“Thanks…” he coughed. He was still aware of the pain, and a sense of tightness around his side as Karamov got off him and allowed the man to sit back up again. But he couldn’t sit up fully, one side of his body—under his left arm and his hip—didn’t seem to want to obey him.
What?
“Commander, look at me. Listen to me.” It was Karamov, kneeling in front of him and looking at him with his wide dark eyes, gilded with the neon information lights of his own visor helmet. “You’ve been shot in the side. You’ve still got the bullet in you. These drugs will keep you on your feet for a bit, but you’re going to crash out unless we get you to a surgical facility, okay? I have no idea where the bullet is. One false step and it could rip something vital in there. You gotta be careful, you hear me?”
Solomon nodded. His thoughts were a mixture of fastest-ever and warm-and-slow. It made it hard to know what he should do.
“The Proxima delegates,” he croaked.
“Fracking hell, Commander,” Kol said out loud, looming behind Karamov in the dark light. “Do you ever stop thinking about the job? You almost died, man!”
“They’re fine. Scared, disorientated, but fine,” Karamov said, nodding beyond Solomon’s shoulder. When the commander—stiffly—turned his head, he saw that there indeed were the three white-suited Proxima delegates, and the two convicts that they had been talking to.
One of which he recognized.
It was the old man, still looking quiet and watchful, but perhaps a little subdued. The one who had pointed at the ambassador.
“You.” Solomon coughed, and the older convict just looked back at him without saying a word.
“Please, Commander, sirs?” said the first Proximian. Their helmets were domed like semi-circles, but Solomon could see their underlit faces inside. Young. Short-cropped, very smart hair. They looked too young to be negotiating a possible civil war.

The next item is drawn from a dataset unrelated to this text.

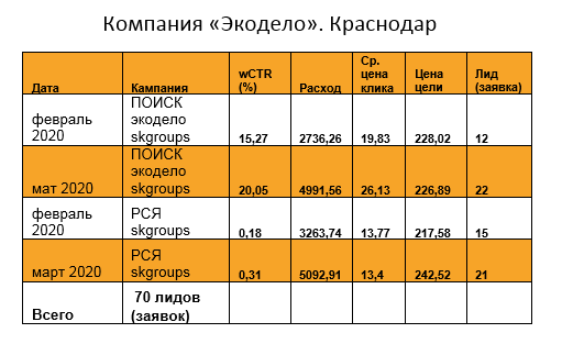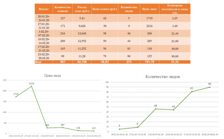 РЕЗУЛЬТАТ: По итогам двух месяцев ведения рекламных кампаний было получено 832 заявки в Яндекс Директе и GOOGLE ADWORDS. Стоимость одной заявки составила 203 рубля.

“We need to get these men out of here, officers…” the Proximian said, casting a hungry look at the shaft that Solomon and his two other Outcasts had just climbed down. “We were on our way back when that man stopped us. I think he was going to kill us…but you got here.” The young man with the perfect auburn hair nodded tearfully at Solomon.
“Ha. Look where that got me,” Solomon wheezed as Karamov and Kol helped him to his feet, and then turned to help the others.
“Kol, on point.” Solomon said. “But that shooter could be waiting for us up there. I know we haven’t got any weapons, but we need to get out of here anyway…”
“Don’t worry about me, Commander,” Kol said fiercely, drawing his ridiculously small service knife and turning towards the shaft and its steps—
WHUMPF! There was an almighty roar as the ground and walls started shaking.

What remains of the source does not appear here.